--- EXTRACTED MATERIAL ---
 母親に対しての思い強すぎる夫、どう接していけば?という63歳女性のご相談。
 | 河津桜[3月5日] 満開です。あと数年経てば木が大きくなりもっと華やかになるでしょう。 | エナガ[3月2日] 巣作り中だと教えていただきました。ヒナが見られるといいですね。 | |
---
--- EXTRACTED MATERIAL ---
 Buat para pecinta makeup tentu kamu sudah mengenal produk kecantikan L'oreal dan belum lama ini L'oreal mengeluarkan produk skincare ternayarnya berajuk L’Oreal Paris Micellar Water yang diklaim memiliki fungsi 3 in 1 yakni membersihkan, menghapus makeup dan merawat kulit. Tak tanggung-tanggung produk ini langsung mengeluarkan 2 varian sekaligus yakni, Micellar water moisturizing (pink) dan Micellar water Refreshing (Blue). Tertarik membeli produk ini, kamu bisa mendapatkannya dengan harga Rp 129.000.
---
--- EXTRACTED MATERIAL ---
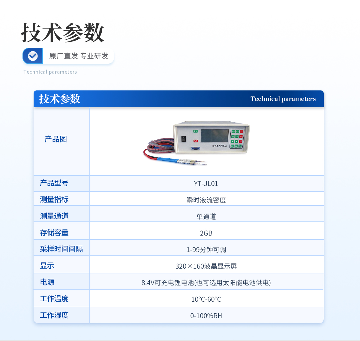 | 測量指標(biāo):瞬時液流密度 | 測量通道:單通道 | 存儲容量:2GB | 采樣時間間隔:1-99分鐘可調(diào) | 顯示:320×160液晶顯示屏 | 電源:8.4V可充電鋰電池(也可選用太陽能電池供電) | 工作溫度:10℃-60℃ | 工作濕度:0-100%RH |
---
# YOUR ASSIGNMENT:
Using the records above, set down exactly the lines from the one with "母親に対しての思い強すぎる夫、どう接していけば?という63歳女性のご相談。" through the one with "巣作り中だと教えていただきました。ヒナが見られるといいですね。 | |", inclusive, and nothing more.

# TASK RESULT:
 母親に対しての思い強すぎる夫、どう接していけば?という63歳女性のご相談。
 | 河津桜[3月5日] 満開です。あと数年経てば木が大きくなりもっと華やかになるでしょう。 | エナガ[3月2日] 巣作り中だと教えていただきました。ヒナが見られるといいですね。 | |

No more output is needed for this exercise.